Between 1989 and 1998, Frits Böttcher received at least one million guilders (€ 450,000) from 24 Dutch companies, including Shell, NAM, AkzoNobel and DSM. With that money he set up an international network of climate skeptics. At the request of the donors, he also wrote activist papers and articles in which he denied the existence of the greenhouse effect. This is the result of research by Follow the Money (FTM) and the Authentic Journalism Platform (PAJ), who have access to the personal archive of Böttcher, who died in 2008.

Böttcher was a professor of chemistry and a well-known climate skeptic who tried to influence public opinion about the role of CO2 (carbon dioxide) in the atmosphere in his publications. To that end, he claimed that CO2 would be good for plants.

Response companies

Shell, Texaco, KLM, Hoogovens, ANWB and AkzoNobel, among others, transferred money to the climate skeptic. De Volkskrant, which also publishes extensively on Saturday about Böttcher, got stories from several of these parties involved. Shell’s CEO Marjan van Loon says that ‘this happened 25 or 30 years ago. We cannot speculate about what exactly happened and in which context. She added that it is “important to bear in mind that science has done a lot of research into the climate issue for decades,” and that Shell has long been clear about its position on climate change and the role of CO2.

KLM tells de Volkskrant that ‘there is no indication whatsoever’ that the airline Frits Böttcher paid for money thirty years ago and says it actually started to take sustainability measures in the 1990s. The ANWB does confirm that it has financed Böttcher because of its ‘excellent scientific reputation’.

Club of Rome

Böttcher is best known to the general public as co-founder and former chairman of the Dutch branch of the Club of Rome. This was an informal group with prominent figures from politics, science and business. Thanks to this club, Böttcher has built up a reputation as a socially committed, environmentally conscious scientist.

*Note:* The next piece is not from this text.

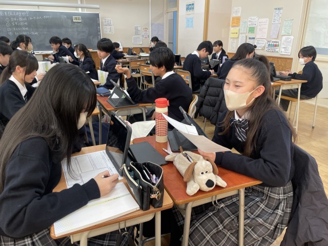日本語の授業では、「場面を伝えよう」を行いました。ペアでそれぞれ異なるイラストについて説明文を書き、その後、ペアの人の説明文をききながら絵を描きました。実際のイラストと、友達が書いた絵を見比べて、大盛り上がり!!!

In 1971 came the Club of Rome with a report on the unbridled population and economic growth and the finiteness of fossil fuels. But Böttcher distanced himself from this report: in publishing it he emphasized the dangers of population growth and the need for new technologies to exploit unreachable resources until then. He did not say a word about a more sustainable economic model. On the contrary: he wrote to his clubmates that he felt it was an “urgent need” to counterbalance the “information that undermines the business community and is now being given everywhere”.

Kyoto Treaty

FTM and PAJ write that Böttcher’s work contributed to the fact that in the 90s there was little support for climate policy that contained CO2 emissions. This turned around at the end of the 90s. In 1997, the famous Kyoto Treaty was signed, in which it was agreed to reduce global greenhouse gas emissions, and Böttcher also stopped financing.